Tom Hanks WWII Film 'Greyhound' to Premiere on Apple TV+

Apple buys older shows for TV+, stepping up Netflix challenge

In what is probably the biggest move caused by the coronavirus, Tom Hanks' World War II film Greyhound is now skipping theaters entirely and going directly to digital.

The tech giant initially has only released Apple original TV shows and movies since it launched, but the streaming service is reportedly in talks with Hollywood executives about licensing older content, Bloomberg reported.

"In a real shocker, the WWII battleship drama Greyhound that Tom Hanks wrote and stars in has abruptly changed course and will berth at Apple".

Movies that were previously earmarked for theatrical release have opted for mostly video-on-demand options since the COVID-19 pandemic forced the closure of cinemas worldwide.
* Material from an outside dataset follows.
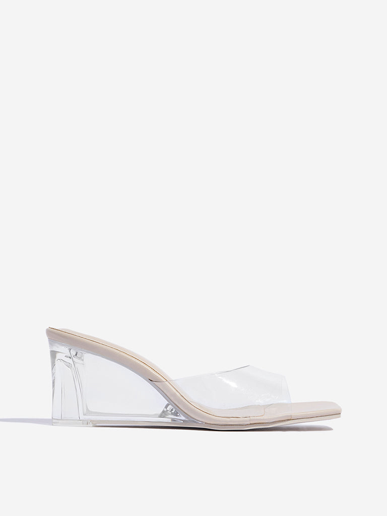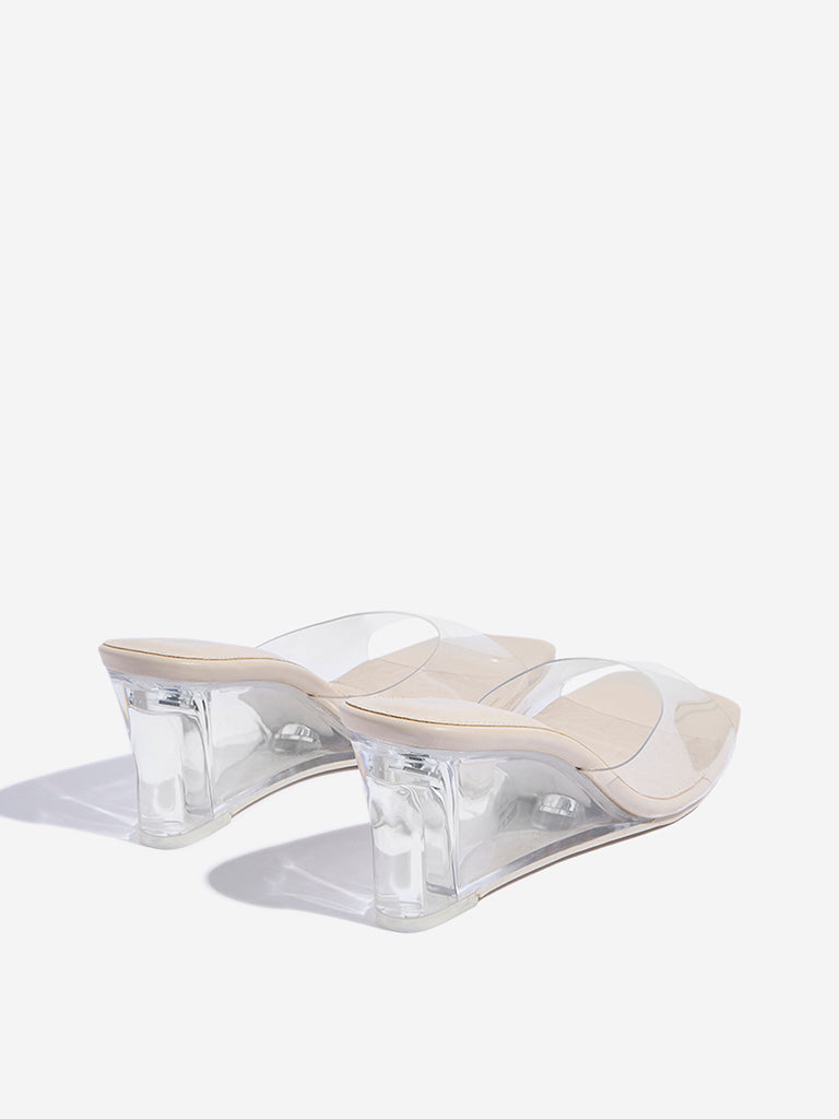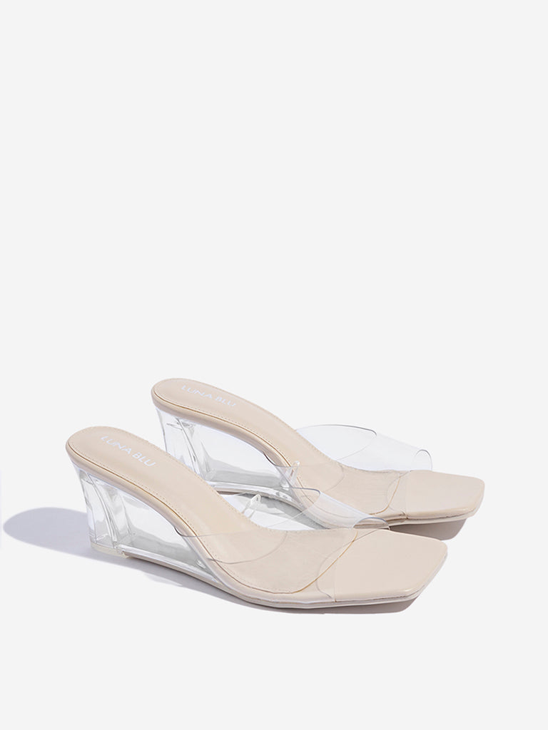 Luna Blu presents these ivory sandals featuring sleek vinyl straps and wedge heels. A cushioned footbed and a textured outsole complete the standout style. making them a must-have for any contemporary wardrobe.

A bidding war for the film ensued with Apple TV+ winning, and the reported price tag for the picture is around $70 million.

Apple buys older shows for TV+, stepping up Netflix challenge

Netflix, Hulu, Amazon Prime and HBO have a range of older and original content; all three services have been increasing their annual spending on original content every year.

This year, Apple TV Plus has debuted a number of big original shows. According to Bloomberg, Apple is now actively seeking to acquire a back catalog of third-party content for the service so it can better compete with existing heavyweights like Netflix and newcomer Disney Plus. If Greyhound performs well, perhaps we'll see other feature films get placed on the streamer soon. Apple TV+ also has a limited app offering, with nothing for Android / Android TV, Windows 10, and gaming consoles. This marks Hanks' first screenplay credit since his mostly forgotten 2011 directorial effort Larry Crowne. Elisabeth Shue, Manuel Garcia-Rulfo, Stephen Graham, and Rob Morgan costar.

The only thing more unsafe than the front lines was the fight to get there.

Set in 1942 and inspired by actual events, Greyhound tells the story of a Navy captain who commands an armada of 37 ships to fight the Nazis.